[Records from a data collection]
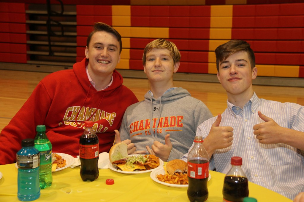 To begin the evening, the juniors gathered in the Activity-Athletic Center for a communal dinner, which consisted of a build-your-own-burger station with an abundance of toppings to enjoy. Curly fries and drinks rounded out the meal. While indulging themselves, juniors had a chance to talk with their friends and teachers and enjoy their time together.
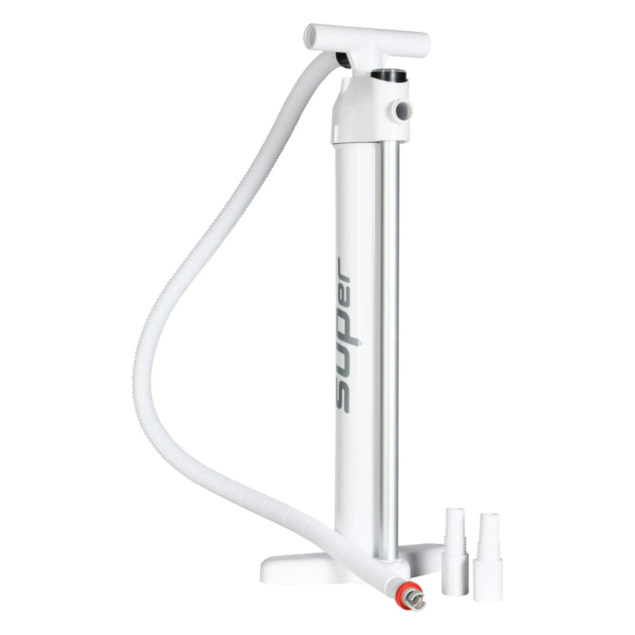 Die Turbo SUP Pumpe von STX ist eine hochwertige Pumpe, die zwischen Single- und Doppelhub wechselt. Die SUP Pumpe kommt mit integriertem Manometer und pumpt bis zu einem maximalen Druck von 20PSI. Für den platzsparenden Transport schraubst du bei der Turbo SUP Pumpe die Griffe ab.
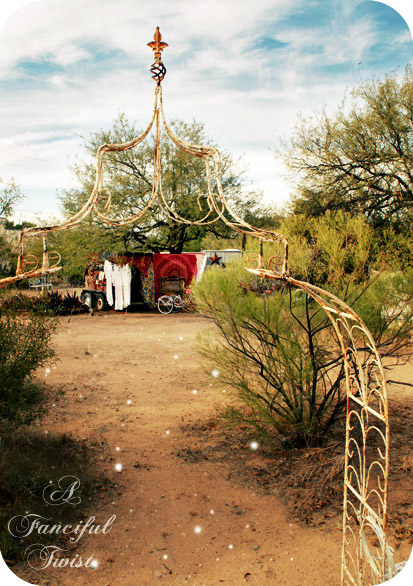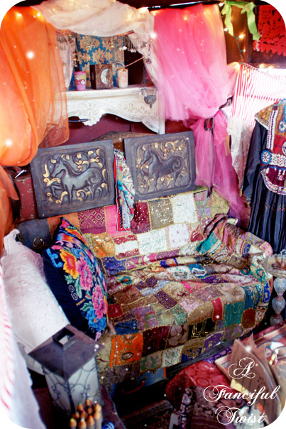 HAPPY, HAPPY almost your Birthday Miss Loverrly! : ) I had such a fabulous old time wandering about the magical confines of your luminous and mysterious gypsy garden! It’s beautiful beyond all words and measure, I’m sure! 🙂 I think Titania would feel quite at home there, nestled in amongst all the elegant draperies and pillows!! Yes, indeedy!
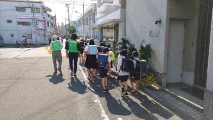 今日は、玉出西地域を回らせていただきました。たくさんの子どもたちが集団登校しています。
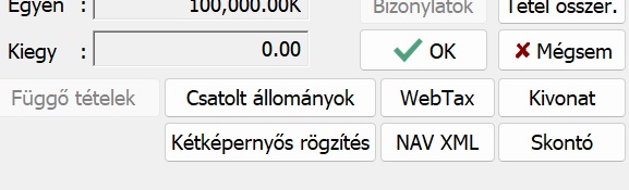 A “Biz. csat. állomány szerk.” gombbal itt is a fejcsatolást érjük el, de a “Tételhez csatolt áll. szerkesztés” gombbal a bizonylattételhez történő csatolás lehetséges.
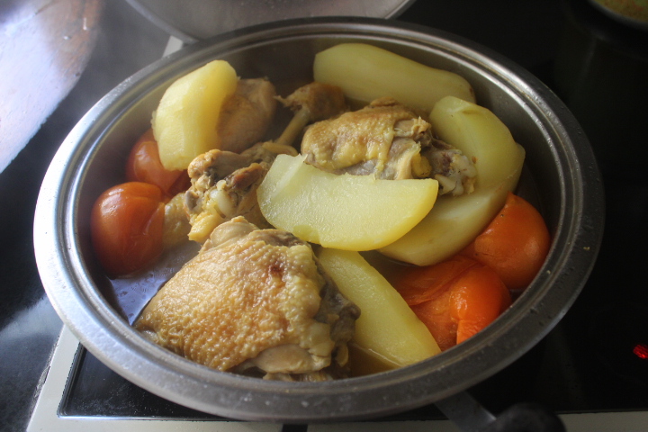 Dejamos cocerse hasta que las patatas estén casi tiernas y el pollo blandito, alrededor de una hora, vigilando y dando la vuelta, con cuidado de no romper las patatas cada 15 minutos aproximadamente.
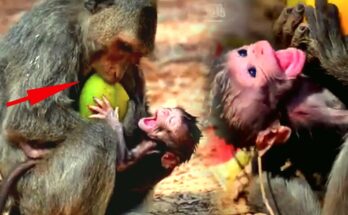 In the quiet corner of the forest, a tiny baby monkey clung to his mother with shaking hands. His eyes were wide and wet, his little chest rising fast as …
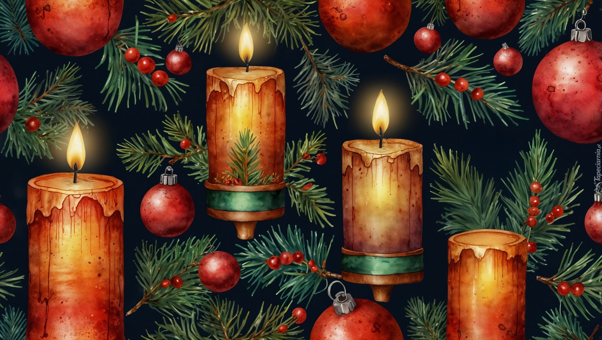 Edytor tapety: Świece i bombki na choince w grafice
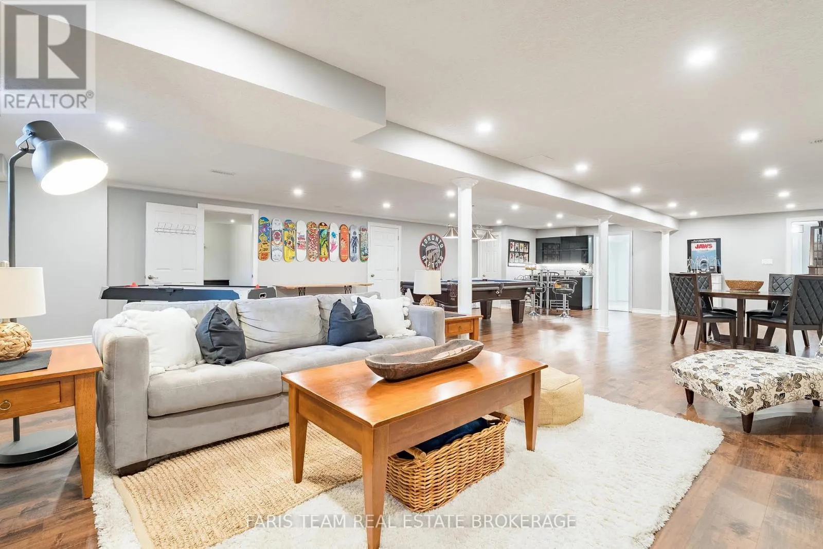 Top 5 Reasons You Will Love This Home: 1) Well-appointed modern bungalow offering a flexible 3+2 bedroom layout, featuring hardwood flooring, 9′ ceilings, and an open-concept design, with a separate oversized family room showcasing a vaulted 15′ ceiling and gas fireplace for added space and comfort, with California shutters throughout the home 2) Fully finished basement designed for entertaining and
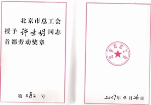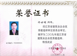 許世明所帶領(lǐng)的團(tuán)隊(duì)先后獲得“北京市優(yōu)秀青年突擊隊(duì)標(biāo)桿”、“全國職工職業(yè)道德建設(shè)百佳集體”、“北京市工人先鋒號”、“北京市模范集體”等榮譽(yù)稱號;其本人先后獲得“揚(yáng)州市建工系統(tǒng)優(yōu)秀共產(chǎn)黨員”、“江蘇省優(yōu)秀項(xiàng)目經(jīng)理”、“北京市優(yōu)秀青年工程指揮”、“第二屆北京市創(chuàng)業(yè)青年首都貢獻(xiàn)獎”、“首都勞動獎?wù)隆薄ⅰ敖K省建筑業(yè)企業(yè)優(yōu)秀建造師”等榮譽(yù)稱號,許世明同志還被選拔為 “江蘇省333高層次人才培養(yǎng)工程”中青年科學(xué)技術(shù)帶頭人。
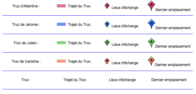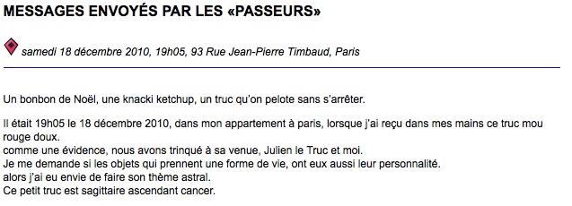 Pour le Jeu de Paume, le collectif Microtruc a imaginé Les Trucs, des objets mis en circulation, qui passent de main en main selon un protocole prédéfini. Ils sont géolocalisés sur une carte en ligne, ce qui permet de visualiser leurs trajets en temps réel. L'idée est de confronter réseaux et territoires en questionnant l'étendue, la portée et la morphologie de nos réseaux.
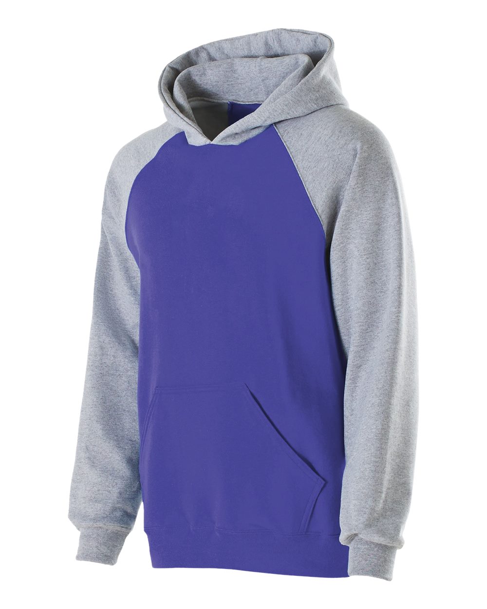 9 oz./yd_., 50/50 polyester/cotton fleece Adjustable drawcord hood that is fully lined Raglan sleeves Front pouch pocket Rib-trim cuffs and bottom hem
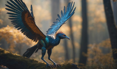 A large blue bird with orange and brown feathers perches on a branch in a forest, its wings spread wide as if about to take flight
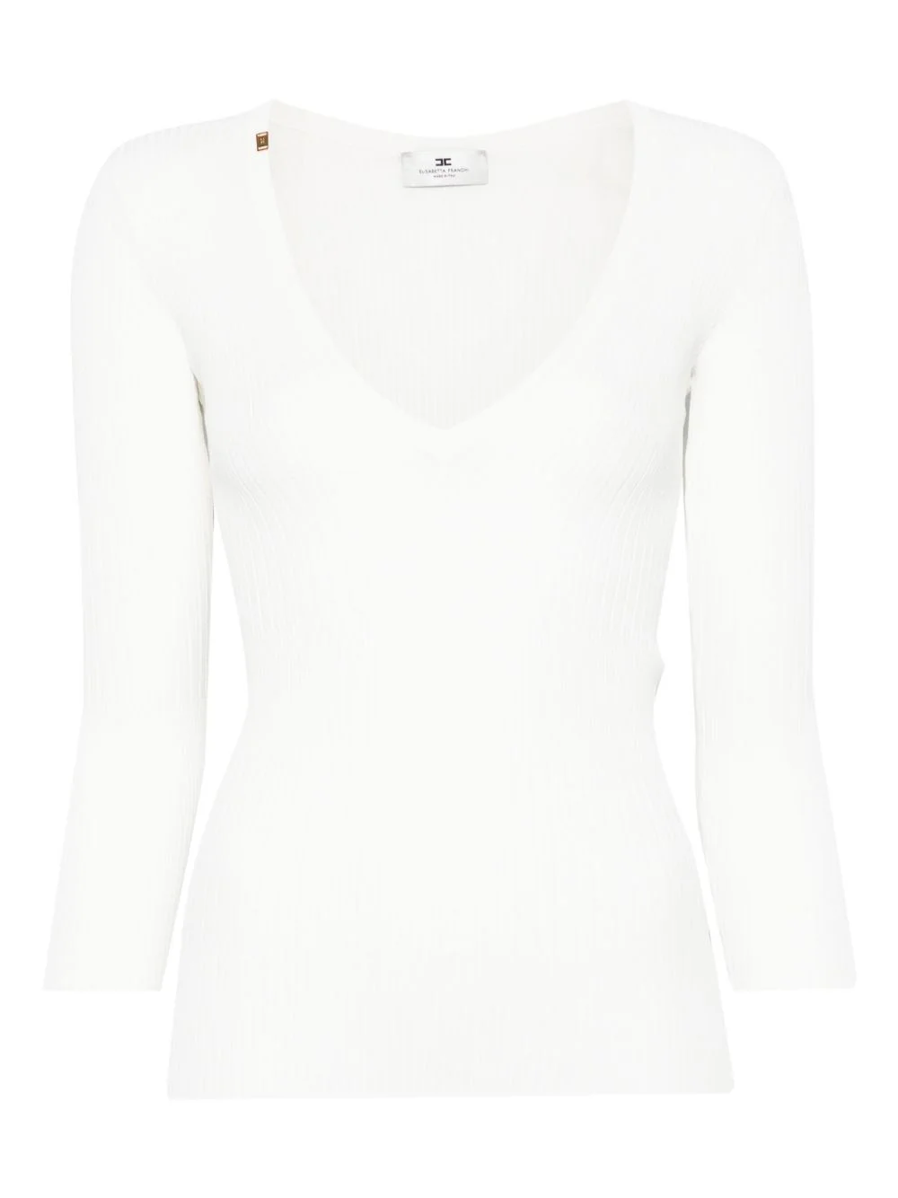 V-neck ribbed top Highlights - White - Three-quarter length sleeves - Logo plaque Made in Italy Composition Viscose 83%, Elastane 17% SIZE & FIT Model measurements Height 5 ft 11 in(1.8 m) Bust/Chest 32.67 in(83 cm) Hips 36.22 in(92 cm) Waist 24.4 in(62 cm) FittingInformation Designed for a close fit throughout Made from a midweight non-stretch fabric, this piece offers minimal elasticity when worn Washing instructions Hand Wash
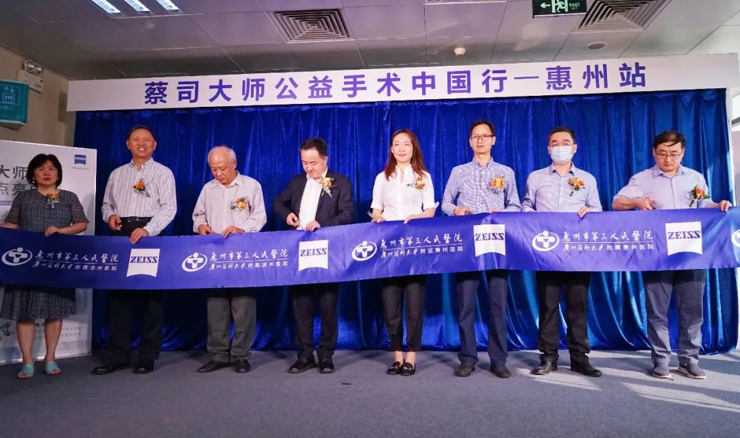 上午9点,仪式在嘉宾的热烈掌声中拉开序幕。惠州三院副院长、神经医学中心主任李雪松教授发表讲话,向在座嘉宾表示热烈欢迎。随后,原广东省医学会神经外科学分会主任委员林志俊教授、广东三九脑科医院陆永建教授等专家教授及蔡司外科事业部全国总监钱莹等嘉宾共同进行剪彩仪式,并现场向到场嘉宾揭开机器人手术显微镜(KV900)的神秘面纱。
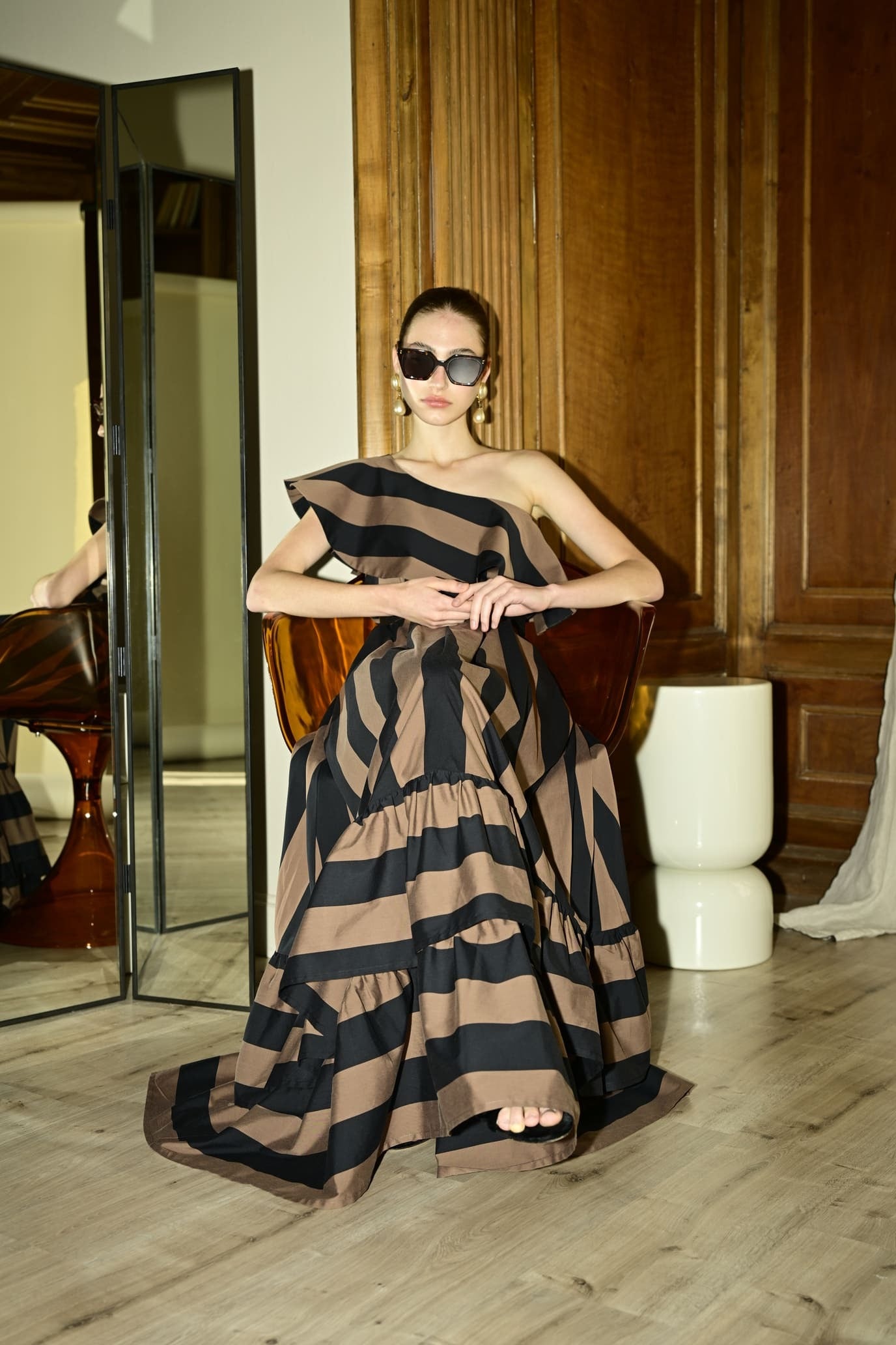 Esta falda larga está confeccionada en rayas negras y marrones. Con pliegues arquitectónicos, cintura estructurada y bajo en con volantes. Una silueta atemporal que combina artesanía tradicional y un toque moderno. Si dudas entre dos tallas te recomendamos la superior.
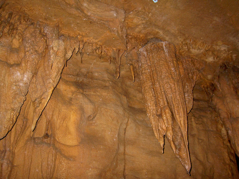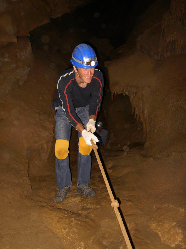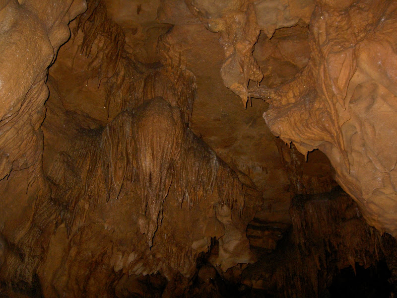 Um 1 Uhr gings dann los, ausgerüstet mit Helm, Licht, Handschuhen und Knieschonern. Im Gegesatz zur Ruby Falls Tour waren wir hier eine Gruppe mit lediglich 11 Leuten, also viieeel angenehmer 😉 Zuerst liefen wir durch die Höhlenräume, die für die 40min Sightseeingtouren beleuchtet und am Boden geebnet sind. Dann aber verliessen wir den zementierten Weg und schlüpften durch ein Loch in der Wand. Bereits ging es los – Kriechen war angesagt! Als nächstes durfte man sich eine steile Rampe am Seil hochziehen. Eine weitere Kriechpassage folgte („muess ich jetzt wörkli mitem Buuch am Bode chrüche?“) und dann eine Holzplanke, über die man balancieren musste. Und so gings weiter, bis wir im Grand Junction Room (übersetzt: Grosse Kreuzung) ankamen. Der Racoon Wild Cave scheint ein sehr verzweigtes Höhlensystem zu sein, denn von diesem Raum aus – man ahnts vom Namen – führen nicht weniger als 19 (neun-zehn) Gänge weg. Nicht dass wir irgend einen Ausgang sofort selber entdeckten, aber Kyle, unser Guide, erklärte das uns. „Dort gehen wir jetzt durch und irgendwo da unten werden wir in zwei Stunden wieder rauskriechen“.
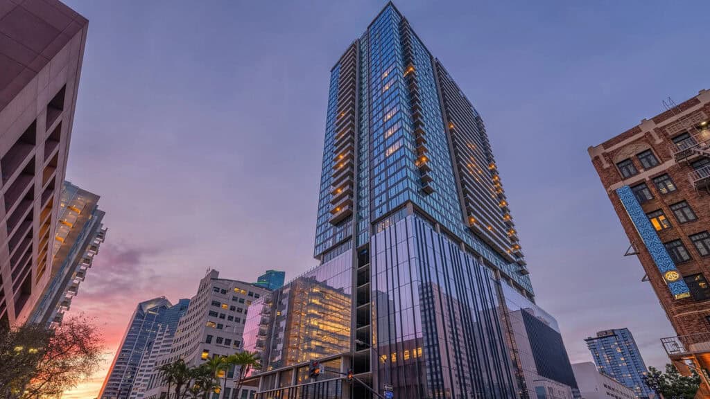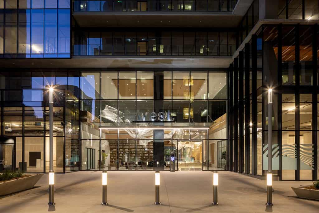 Located at the start of Union Street, a designated green street, West serves as a focal point by cantilevering over a public plaza that serves as a communal living room for downtown residents. Additionally, the nearby SDMTS Blue and Green trolley lines, accessible via the Courthouse Trolley Stop, make car-free commuting easy for tenants and employees, including SANDAG, who chose this location to emphasize their commitment to public transit.
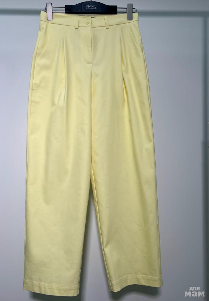 Брюки прямые, достаточно объемные, на резинке. По переду выполнена декоративная строчка. Низ брюк с широкой подгибкой, в которую вставлена резинка (возможна регулировка брюк по ширине) В боковых швах карманы.

◆ Activity ◆
Whatever pictures the records hold, omit them; give again exactly the lines from the one containing "9 oz./yd_., 50/50" through the one containing "V-neck ribbed top".

◆ Solution to this exercise ◆
 9 oz./yd_., 50/50 polyester/cotton fleece Adjustable drawcord hood that is fully lined Raglan sleeves Front pouch pocket Rib-trim cuffs and bottom hem
 A large blue bird with orange and brown feathers perches on a branch in a forest, its wings spread wide as if about to take flight
 V-neck ribbed top Highlights - White - Three-quarter length sleeves - Logo plaque Made in Italy Composition Viscose 83%, Elastane 17% SIZE & FIT Model measurements Height 5 ft 11 in(1.8 m) Bust/Chest 32.67 in(83 cm) Hips 36.22 in(92 cm) Waist 24.4 in(62 cm) FittingInformation Designed for a close fit throughout Made from a midweight non-stretch fabric, this piece offers minimal elasticity when worn Washing instructions Hand Wash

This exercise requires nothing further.